The United Nations Food and Agriculture Organization (UNFAO) has reported that there are 41 countries that continue to require some external assistance to meet food requirements. Conflicts act as the primary cause of food insecurity, with adverse weather conditions also acutely affecting food availability according to the agency.

In its quarterly report, Crop Prospects and Food Production, released 19 September, there are no country changes in the past six months and 31 are African countries. Correspondingly, Latin American and Asian cereal harvests are expected to be strong and improved security conditions in Syrian Arab Republic have boosted production there.

The report indicates that civil unrest and/or open conflict affect about 20 of the countries, while refugee influxes affect others. For example, in Afghanistan, 3.6 million people are reported to be in "emergency" (IPC Phase 4) levels of food insecurity, with another 10 million at "crisis" (IPC Phase 3) levels. In South Sudan, about 6.35 million people, or 54 percent of the total population, are estimated to be severely food insecure.

Conflicts and food insecurity

In Syria, despite the 2019 improved wheat harvest approximately 6.5 million people are food insecure with an additional 2.5 million people at risk of food insecurity without appropriate livelihood support.

Conflict and civil insecurity are primary drivers of food insecurity in Burundi, Cameroon, Democratic Republic of Congo, Yemen and parts of Myanmar and Nigeria.

Venezuela’s issues are complex: hyperinflation has severely eroded local purchasing power, generating acute constraints on households' access to food; cereal production is expected to decline due to a lack of agricultural inputs.
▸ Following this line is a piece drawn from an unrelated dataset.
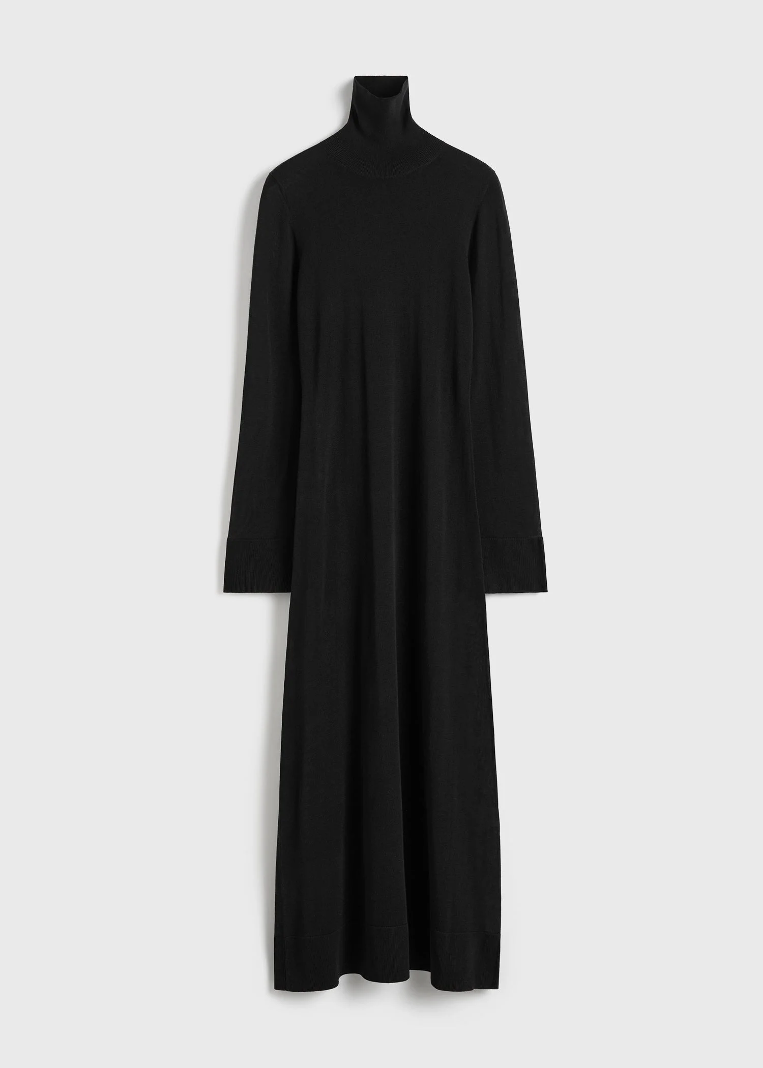 This floor-length turtleneck dress is a striking piece from the TOTEME Summer 25 runway collection. It is finely knitted for a daring play on opacity and features slits at the cuffs for dramatic effect. Add a pendant necklace to tap into the collection's modern take on bohemia. Details & Fit - Black - Turtleneck - Cuff slits - Light, semi-sheer knit - 90% lyocell, 10% cashmere - Cool hand wash - Style number 253-WRD0236-YA0079 - The model is 181cm/511 tall and wears a size S - True to size

Up to 4.3 million people have left the country and settled in neighboring countries, where their humanitarian needs are "significant", the report says.

Weather

Poor precipitation, including severe dryness in East Africa, is exacerbating the food insecurity situation in several countries in the region.

Overall cereal output in East Africa in 2019 is forecast to drop by 5.6 percent from 2018, with the sharpest output contractions expected to be recorded in Kenya and the Sudan.
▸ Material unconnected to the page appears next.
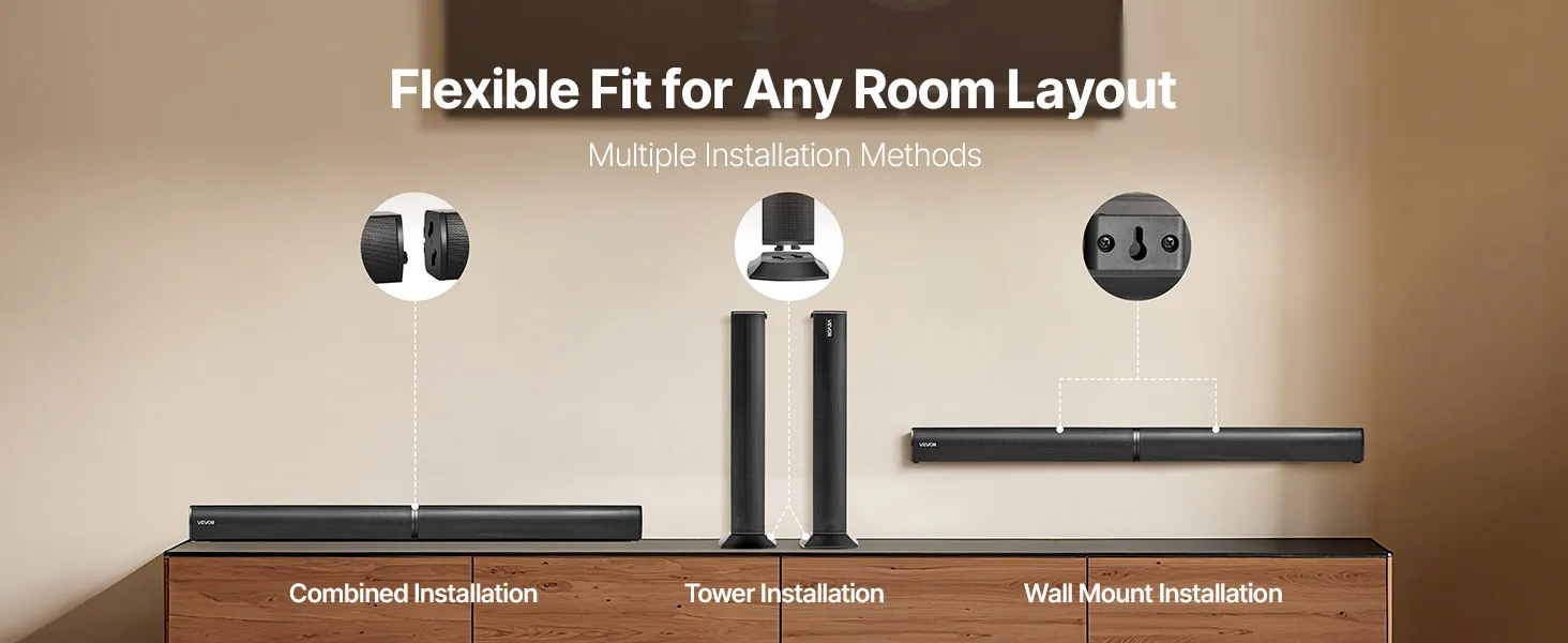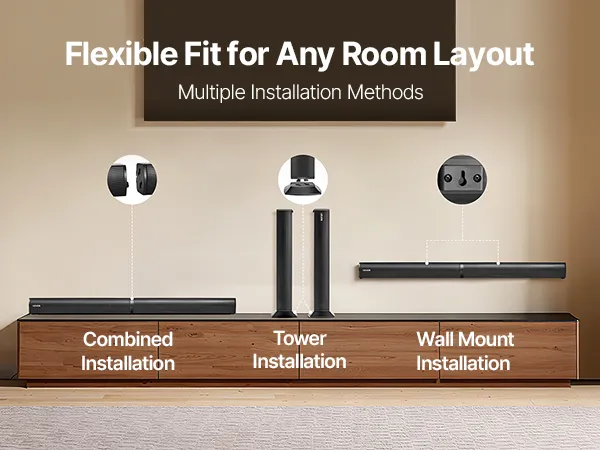 La barra de sonido Bluetooth ofrece múltiples opciones de instalación, como montaje combinado, en torre y en pared. Se adapta fácilmente a diversos espacios, como salas de estar, dormitorios y oficinas, satisfaciendo las necesidades de diseño de diferentes ambientes.

In western Africa, hydro-meteorological stations in Mauritania and Senegal registered large seasonal rainfall deficits through mid-August. Adverse weather conditions has halved the 2019 cereal harvest in Zimbabwe, where the number of food insecure people is expected to almost double in early 2020 compared to the same period the year before.

In Asia, crop production in the Democratic People's Republic of Korea is forecast to be smaller than usual, due to below-average rains and low water irrigation availabilities April through June 019. Around 40 percent of the population are estimated to be food insecure and in urgent need of food assistance according to the results from a joint FAO/WFP rapid food security assessment conducted last April.

FAO expects the 2019 aggregate cereal production for the 51 Low-Income Food-Deficit Countries (LIFDCs) to remain broadly unchanged at 473.5 million tons, a result emanating from growth in Asia offset by declines in Africa.

41 Countries

Afghanistan, Bangladesh, Burkina Faso, Burundi, Cabo Verde, Cameroon, Central African Republic, Chad, Congo, Democratic People's Republic of Korea, Democratic Republic of Congo, Djibouti, Eritrea, Eswatini, Ethiopia, Guinea, Haiti, Iraq, Kenya, Lesotho, Liberia, Libya, Madagascar, Malawi, Mali, Mauritania, Mozambique, Myanmar, Niger, Nigeria, Pakistan, Senegal, Sierra Leone, Somalia, South Sudan, Sudan, Syrian Arab Republic, Uganda, Venezuela, Yemen and Zimbabwe.